Exclusive Terms and Conditions, Modification, and Assignment: Seller's acceptance of any order is expressly subject to Purchaser's assent
to the terms contained herein, and Purchaser's assent and agreement to these terms and conditions shall be conclusively presumed from
Purchaser's acceptance of all or any part of the goods ordered. Terms additional to or different from those in this Agreement, including any proposed
by Purchaser or any attempt by Purchaser to vary in any degree any of the terms of this Agreement or terms and conditions of related Agri-AFC sales
contracts, including but not limited to purchase orders, bills of lading, hand tickets, or invoices, are hereby deemed material, and hereby rejected
unless otherwise expressly accepted by Seller in writing. Purchaser may not assign this agreement without Seller's express written consent.
Purchaser shall notify Seller in writing within ten (10) days of any: (i) change to its legal name; (ii) change to its trade name; or (iii) change of control.

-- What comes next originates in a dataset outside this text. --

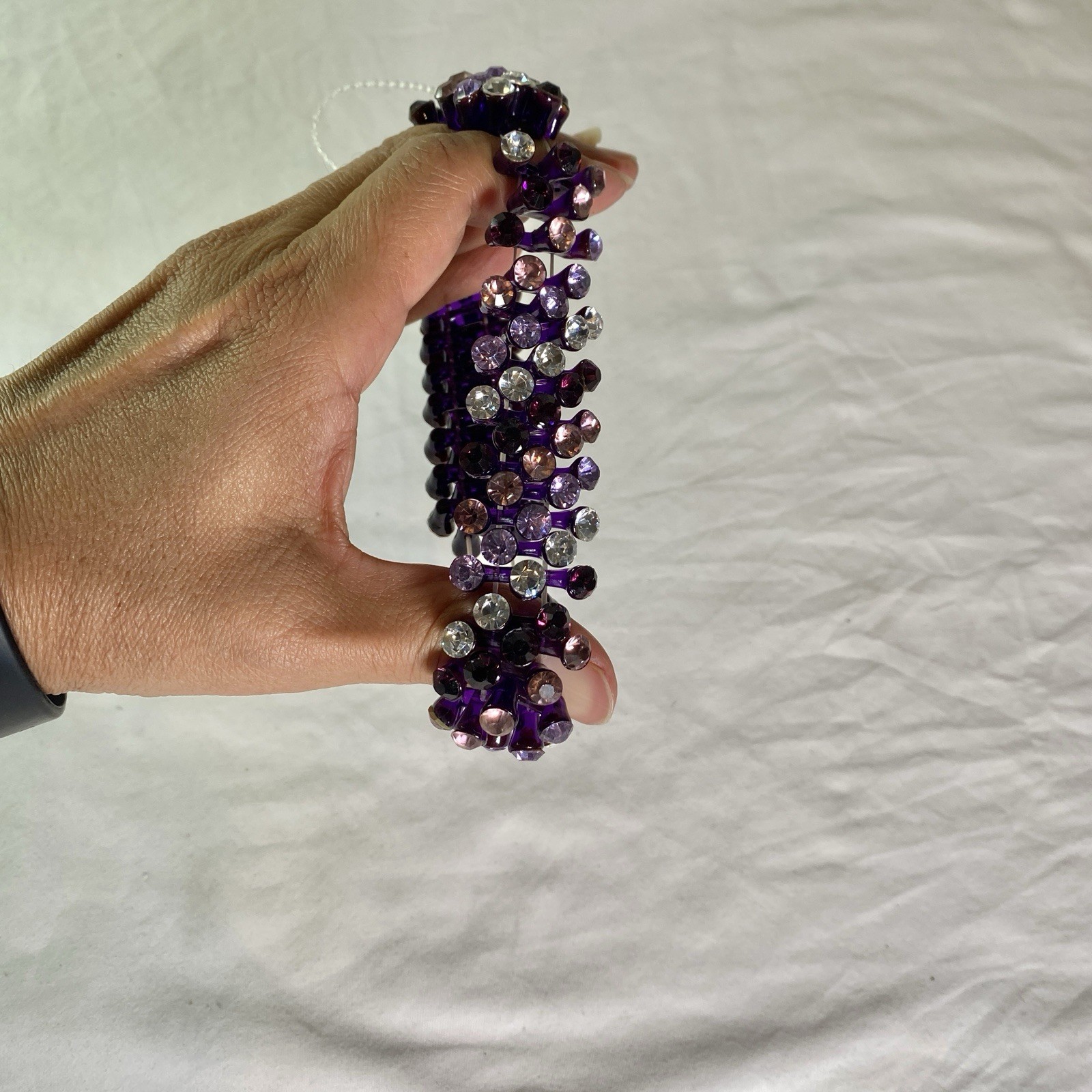 как выглядит rhinestone bracelet womens stretch purple bling фото

Miscellaneous: This Agreement shall be governed by and construed in accordance with the laws of the State of Alabama, U.S.A., exclusive of
conflict of laws principles. The invalidity or unenforceability of any terms, conditions, or provisions hereof shall not limit or impair the operation
or validity of any other provision of this Agreement, and the remainder of this Agreement shall remain operative and in full force and effect. This
Agreement may be executed in any number of counterparts, each of which, when executed and delivered, shall be an original, but such counterparts
shall together constitute one and the same instrument. Purchaser represents that it has completely read and fully understands all the provisions
hereof, and that Purchaser has voluntarily entered into this Agreement. The terms and conditions set forth herein and on the face of Seller's acknowledgement
as well any Credit Application/Agreement executed by Purchaser constitute the entire agreement between the parties and are intended
to be the complete and final statement of the agreement between Purchaser and Seller. All proposals, negotiations, and representations, if any, made
prior to the date hereof, whether oral or in writing, are merged and superseded by this agreement, and this agreement may be modified only by a
writing signed by the Purchaser and Seller.